LaCie RAID Manager has two spare drive options:
|Global spare drive||Global spare drives can be used by any array. This option is good if you have more than one array.|
|Dedicated spare drive||Dedicated spare drives are used exclusively for rebuilding a specific array.|
A stripe represents a single data block on the array. Stripe size is the amount of data (in KB) written to one disk before moving to the next disk in the array. The range of stripe sizes includes 64K, 128K, 256K, 512K and 1024K. The choice of stripe size varies by device.
The larger the stripe size, the longer it takes for the RAID controller to read from and write to data blocks on the physical disks. Consider the following when configuring the stripe size:
A stripe size can be assigned while configuring the array.
When auto rebuild is enabled, the device automatically rebuilds a degraded array once a spare hard drive is available. A degraded array generally means that one or more hard drives are missing or experiencing errors.
The amount of disks an array can lose depends upon the RAID level. A RAID 5 array can lose one hard drive, while a RAID 6 array can lose two hard drives. The rebuild cannot begin if there are no dedicated or global spare hard drives.
If auto rebuild is disabled, you can rebuild a degraded array by exchanging a defective hard drive with a healthy hard drive and manually initiating a rebuild.
A consistency check tests the integrity of parity or mirrored data on the array. Consistency checks are highly recommended as part of regular maintenance for arrays. Consider running a consistency check when an array is not performing as expected.
You can run a consistency check on an array that has had a background or foreground initialization. The consistency check option is not available for arrays with a fast initialization or no initialization. Additionally, a consistency check is not available when a background initialization or a disk check is in progress.
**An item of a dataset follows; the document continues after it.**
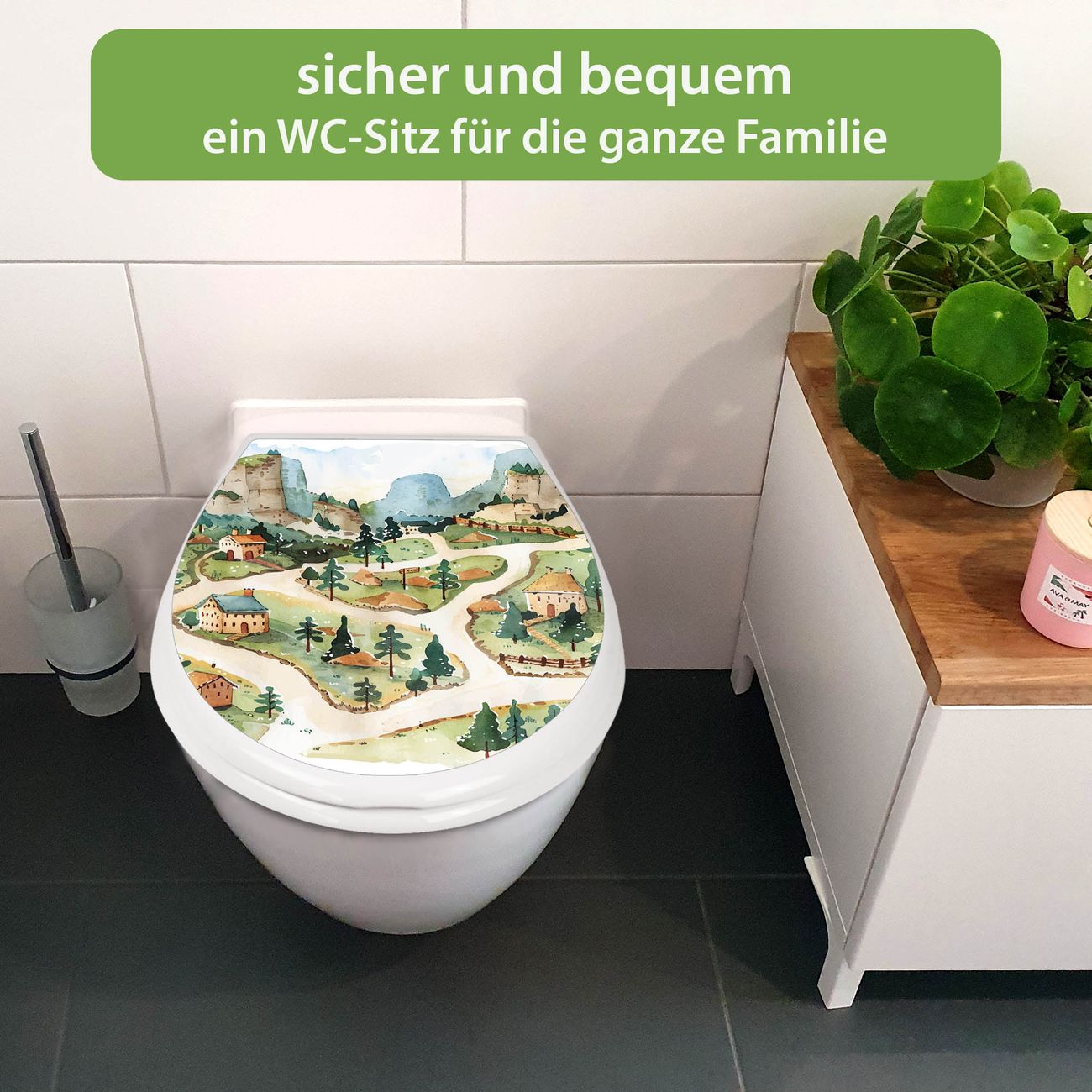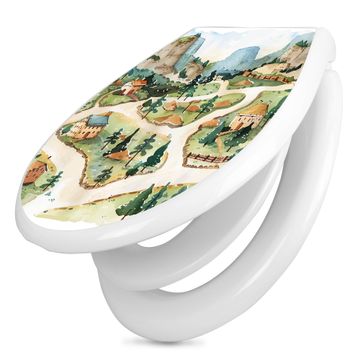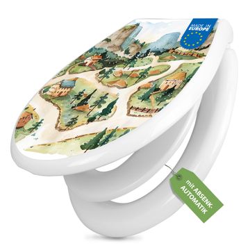 Toilettendeckel weiß mit Absenkautomatik Motiv Märchendorf 3

While a consistency check scans the integrity of parity or mirrored data on the array, disk check searches for errors on a single hard drive. Run disk check on an individual disk as part of regular maintenance.
A disk check is not available when an initialization or consistency check is in progress.
SMART (Self-Monitoring, Analysis and Reporting Technology) is a hardware monitoring system that reports various indicators of drive reliability. You can configure LaCie RAID Manager to gather and report the SMART status for each disk in the enclosure.
Caching media can improve your LaCie device’s performance by keeping files in a select location rather than sending them directly to the array’s storage. Transfer speeds are faster since your computer retrieves data directly from the cache rather than searching the hard drives. Caching data optimizes your LaCie product for better performance.
There are two options for caching media:
|Array cache||Cache media on the array. Data is stored on a buffer before being flushed to the array at the appropriate time.|
|Disk cache||Cache media on disks. Data is stored temporarily on the disks’ caches before it is moved to the array.|
While caching data is recommended to improve performance, there is a potential drawback in regard to protecting data and data corruption. In the event of power failure, data integrity can be lost if the data has not been fully transferred from the cache to the array. Make certain to use a stable power supply that cannot be interrupted, such as an uninterruptable power supply (UPS). A UPS allows you to safely shut down the LaCie device if the electricity suddenly terminates at your facility or office.
When data caching is disabled, all data is accessed from the array. This option is recommended when data protection is critical to your workflow. While access to data is not as fast when disk caching is disabled, transfer rates remain quite high due to the use of a hardware RAID controller and your version of Thunderbolt technology.